**Dataset records**:
——————————

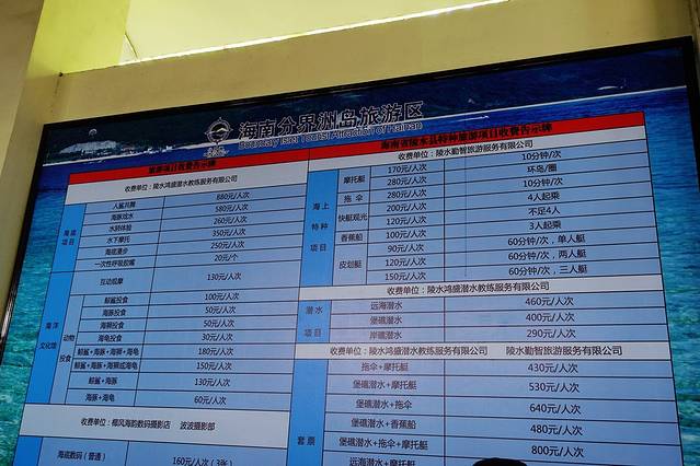 这个是岛上活动的详细价格表,给大家参考一下吧。
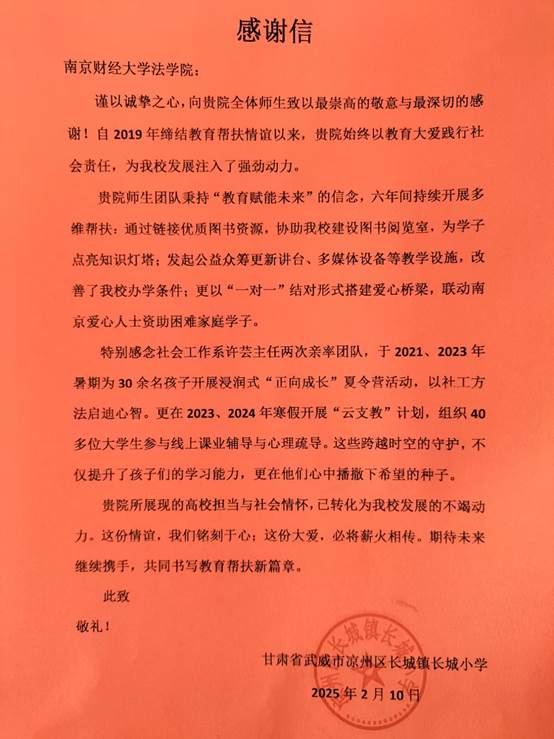 六年多来,Blackjack中文 通过整合多方社会资源,不仅为长城小学提供了物质支持,改善了教学设施,提升了学校的精神面貌,还通过短期暑期正向成长系列活动和长期结对帮扶,为留守儿童提供了全方位的支持。2020年,中国社会工作教育协会曾授予Blackjack中文 团队“嘉奖令”,表彰其在脱贫攻坚中的突出贡献。2025年初,武威市长城小学为Blackjack中文版在线玩 寄来了感谢信,表达了长期以来对长城小学支持的感谢之情。
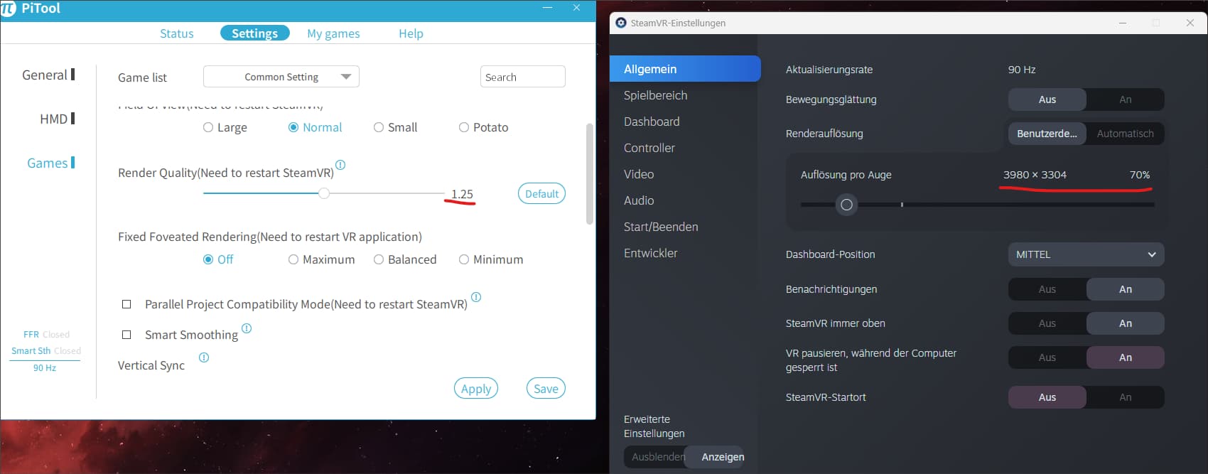 I just recognized, that the resolution which is shown in steamvr is set to 3804x3160. I havent changed anything in the Pitool. Field of View is set to normal, render quality is 1.0. Parallel Projection, smart smoothing, hidden area are all off.
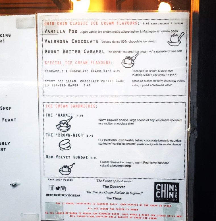 You’ll find Chin Chin Labs right in the heart of the Camden Market. Not my favorite location to have to brave on a busy, crowded Saturday, but well worth it, trust me. The line for Chin Chin moves pretty quickly. Once you’re towards the front, you get to peek at the menu and decide on your order. You may go back and forth a few times as everything sounds so delicious.
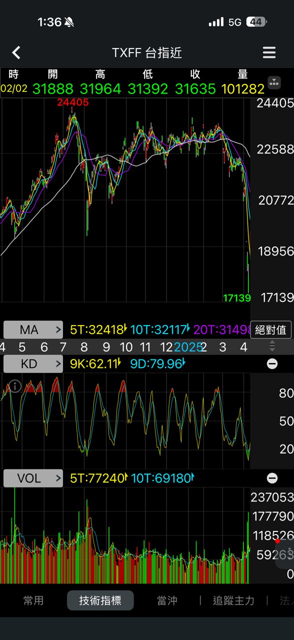 → : 撐盤狗三天撐了1200點 你覺得會跌很多?59F 02/05 14:04
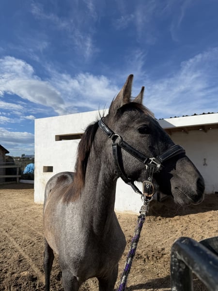 With a heavy heart, I’m offering my sweet 7-month-old colt for sale. He is very willing to learn, kind in character, and moves beautifully with great potential for both jumping and dressage. ✨ Dam: PRE ✨ Sire: KWPN/Friesian ✨ Expected height: around 1.65 – 1.70 m ✨ Will turn grey ✨ Halter trained – can stand tied and walk with you A lovely young colt with a bright future ahead! 📩 Feel free to send me a private message for more information or questions.

——————————

**WHAT THE EXERCISE ASKS**:
Starting with the line that contains "你覺得會跌很多?59F 02/05 14:04", give the lines again exactly as they appear through the last line of the data, pictures excluded.

**ANSWER SPACE**:
 → : 撐盤狗三天撐了1200點 你覺得會跌很多?59F 02/05 14:04
 With a heavy heart, I’m offering my sweet 7-month-old colt for sale. He is very willing to learn, kind in character, and moves beautifully with great potential for both jumping and dressage. ✨ Dam: PRE ✨ Sire: KWPN/Friesian ✨ Expected height: around 1.65 – 1.70 m ✨ Will turn grey ✨ Halter trained – can stand tied and walk with you A lovely young colt with a bright future ahead! 📩 Feel free to send me a private message for more information or questions.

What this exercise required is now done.